Observed RNAi Sensitivities in Coleoptera
Family Chrysomelidae
Leaf beetles (Family Chrysomelidae) feed on a variety of plant tissues, and all chrysomelid species are fully herbivorous, many being serious crop pests. Several studies have shown that dietary RNAi sensitivity is quite high in the two chrysomelids D. virgifera (Baum et al., 2007; Bolognesi et al., 2012; Bachman et al., 2013; Miyata et al., 2014; Niu et al., 2017; Vélez et al., 2020) and L. decemlineata (Baum et al., 2007; Miguel and Scott, 2015; Cappelle et al., 2016; Spit et al., 2017; Máximo et al., 2020; Petek et al., 2020; Ren et al., 2021). Notably, Petek et al. (2020) demonstrated, in a small field study in Slovenia, that treating plants with water containing 0.01 μg dsRNA/μl significantly reduced L. decemlineata infestation in the field. This study was a landmark, as it suggests potential for dsRNA spray-based management of a major agricultural pest in open-field conditions, by mixing dsRNA with water alone.
Another chrysomelid, the mustard leaf beetle (Phaedon cochleariae), was recently examined for its potential as a screening model for coleopteran pests, and this species also demonstrated high RNAi sensitivity, with a strong lethal phenotype observed via consumption of leaf disks treated with water containing 0.025 μg dsRNA/μl (Mehlhorn et al., 2021). Zhang et al. (2019) demonstrated that painting a thin layer of water, containing a diluted suspension of dsRNA-expressing bacteria, on fresh willow leaves resulted in approximately 40 and 80% mortality of Plagiodera versicolora larvae after 2 and 7 days, respectively. More recently, Xu et al. (2021) painted poplar leaves with dsRNA to a concentration of 8 ng/cm2 and demonstrated 100% mortality in P. versicolora larvae within 5–7 days, depending on target gene. Notably, the authors observed over 60% mortality after 3 days of feeding on dsRNA targeting actin (see Supplementary Material in Xu et al., 2021). These studies with P. versicolora, together with that of Máximo et al. (2020), who observed effective L. decemlineata mortality after 2 days, suggest that RNAi can work in a timely manner in some coleopterans, perhaps in particular chrysomelids of the subfamily Chrysomelinae. Furthermore, studies performed in chrysomelids collectively suggest high dietary RNAi efficacy via various sources of dsRNA consumption (e.g., RNAi cultivar., naked dsRNA, and bacterially expressed dsRNA).
Family Tenebrionidae
Darkling beetles (Family Tenebrionidae), while occupying a diverse array of ecological niches, consist of several important plant product pests, particularly in cereal and flour silos, as well as other stored food products.
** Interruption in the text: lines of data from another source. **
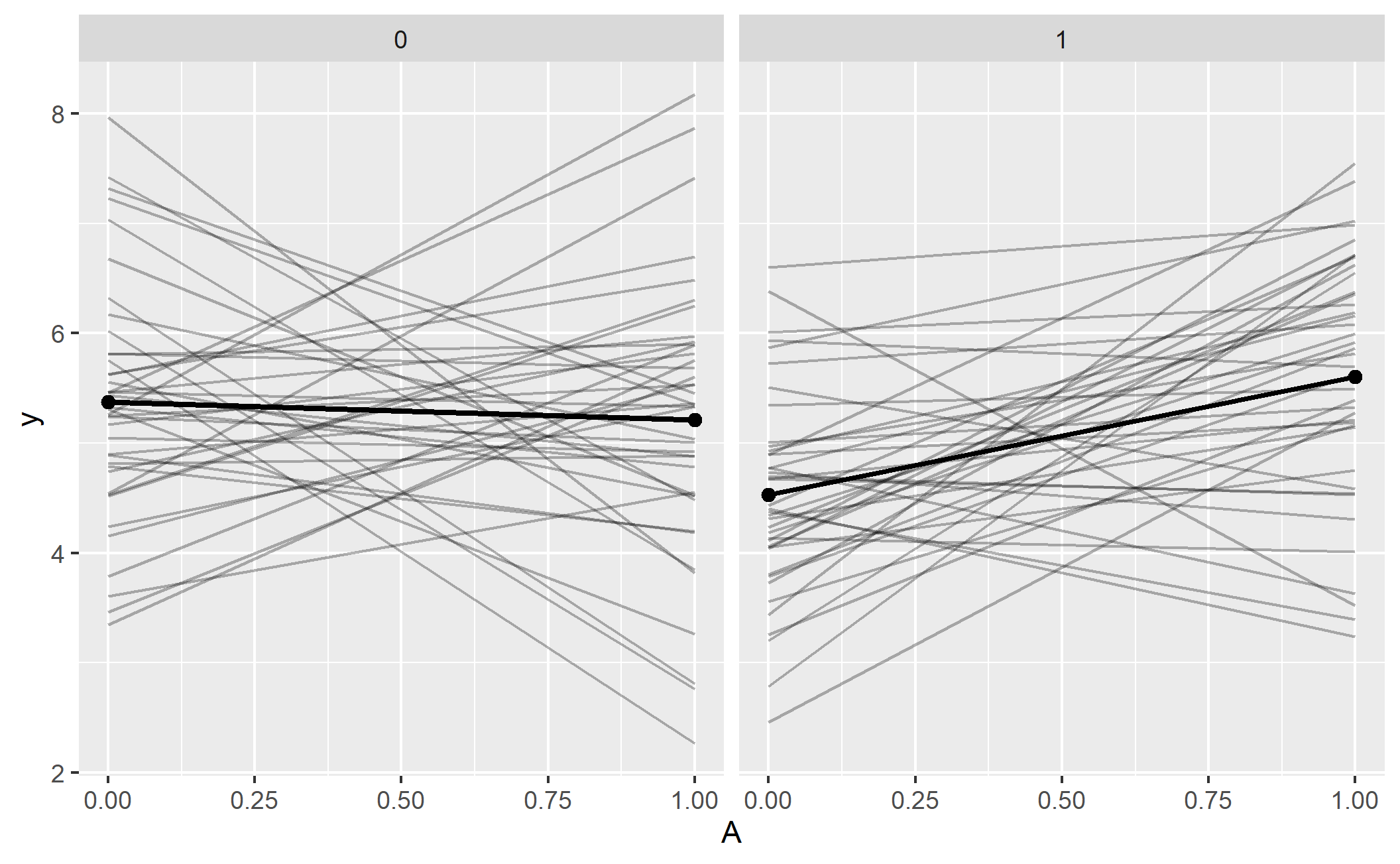 geom_path(data=g, aes(group=B), size=1) + # plot mean lines
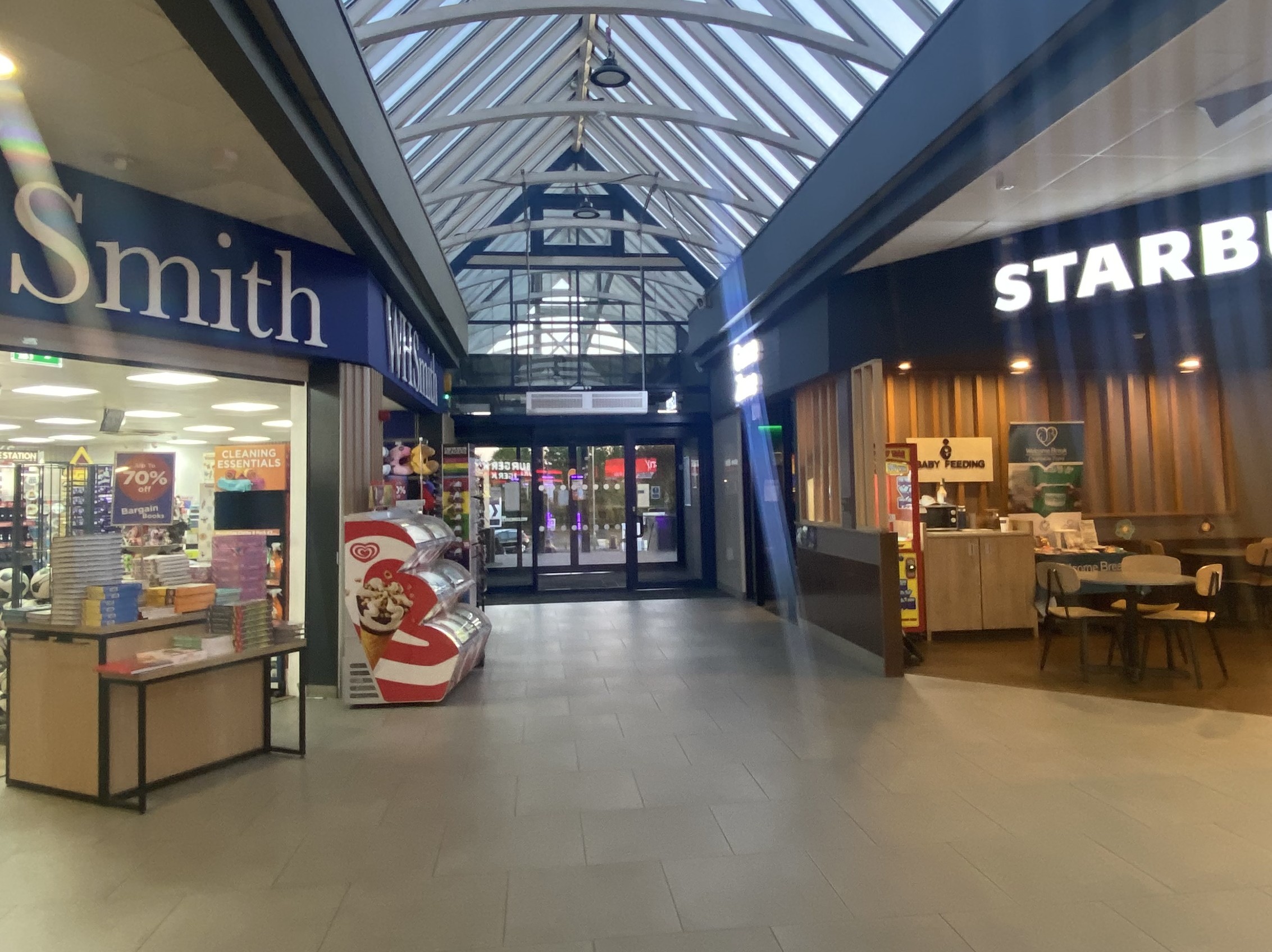 The interior exit to the northbound services' amenity building, which is sandwiched between the WHSmith store, the gaming room and the Starbucks outlet.
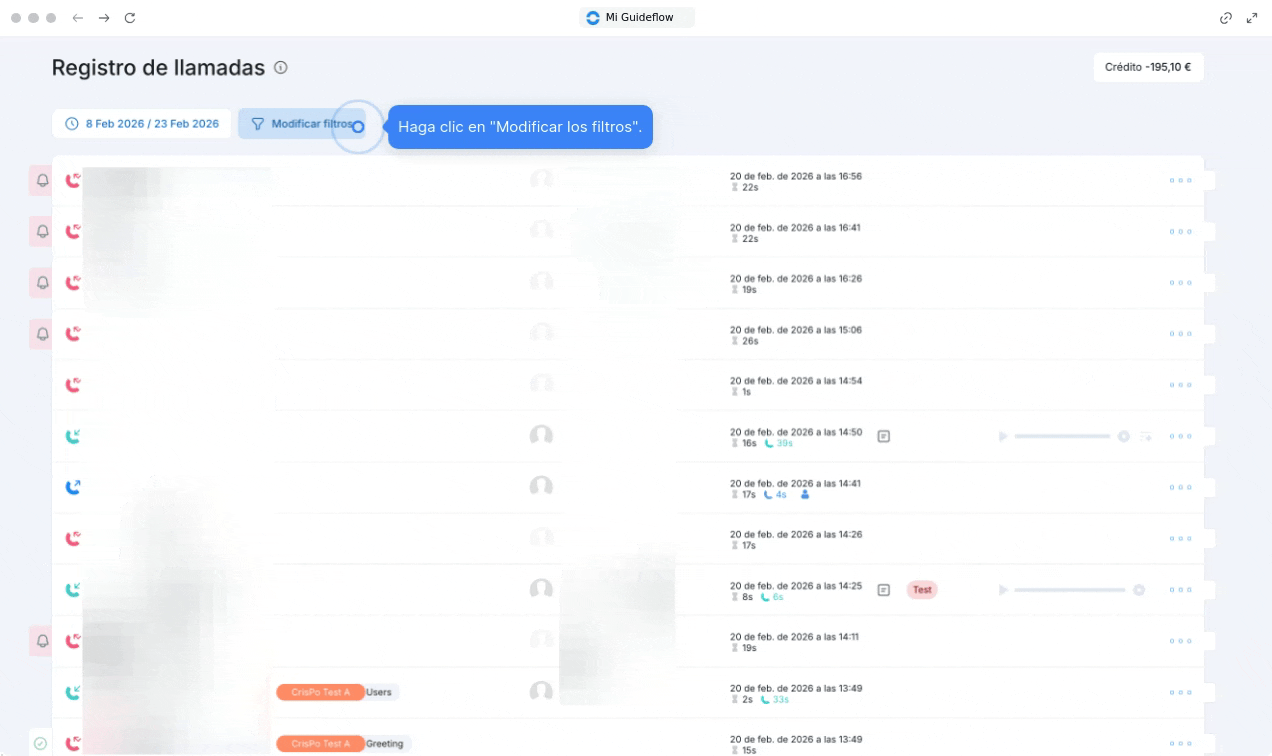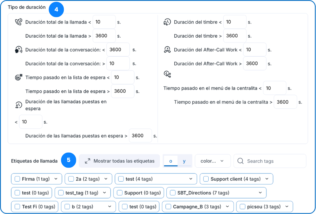 5. Por último, puede filtrar sus llamadas utilizando etiquetas o grupos de etiquetas que haya creado previamente.
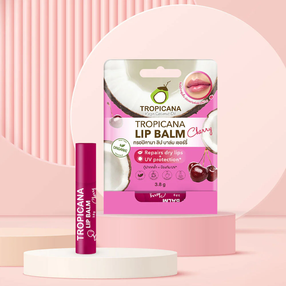 Tropicana Lip Balm 3.8g #Cherry Coconut Oil Lip Balm Cherry Scent is rich in organic cold-pressed coconut oil, cocoa butter and shea butter to help nourish dry and cracked lips to become moist again. With vitamin C and vitamin E, it helps to make lips soft and healthy.

To our knowledge, the only tenebrionid species examined using dietary RNAi is the red flour beetle (Tribolium castaneum), a pest of global importance, and the existing data on dietary RNAi efficacy in T. castaneum are variable. Whyard et al. (2009) reported, after 7 days of dietary exposure, an LC50 of 0.0025 μg dsRNA/mg diet, and Laudani et al. (2017) reported approximately 30% mortality after 3 days of feeding on 0.015 μg dsRNA/mg diet, both studies being in contrast to Cao et al. (2018) who reported far more delayed RNAi in T. castaneum via feeding on 17- and 33-fold higher concentrations than those used by Laudani et al. (2017). Showing intermediate efficacy relative to the abovementioned studies, Abd El Halim et al. (2016) demonstrated 50% mortality after 6 days of feeding on 0.1 μg dsRNA/mg diet. As each study, with the exception of Abd El Halim et al. (2016), targeted vATPase components, these contrasting results clearly indicate a need for more investigations in order to solidify any conclusions regarding dietary RNAi efficacy in T. castaneum. Furthermore, expanding dietary RNAi studies to consider other important tenebrionid pests represent a critical route toward future biotechnological solutions to protect plant-based foods globally.
Family Coccinellidae
Lady beetles (Family Coccinellidae) are an important group of coleopterans, regarding plant protection, due to different species’ roles as predators of crop pests (e.g., Hippodamia convergens, Coleomegilla maculata, and Coccinella septempunctata), invasive pests that outcompete beneficial lady beetles (e.g., Harmonia axyridis), and herbivorous pests that can be highly damaging to crop yields (e.g., Henosepilachna vigintioctopunctata). Targeting the same gene in four lady beetle species (H. convergens, H. axyridis, C. maculata, and C. septempunctata), Pan et al. (2020) observed approximately 80, 5, 60, and 70% mortality, respectively. These results indicate that dietary RNAi efficacy may be highly variable between coccinellid species. Furthermore, the concentration of dsRNA in the diet provided to coccinellids during the abovementioned study (4 μg dsRNA/μl) was rather high in relation to what would be realistically applicable in RNAi-based plant protection, suggesting the need to re-evaluate the dietary RNAi susceptibility of some of these more RNAi-sensitive species, using more economically feasible dsRNA concentrations.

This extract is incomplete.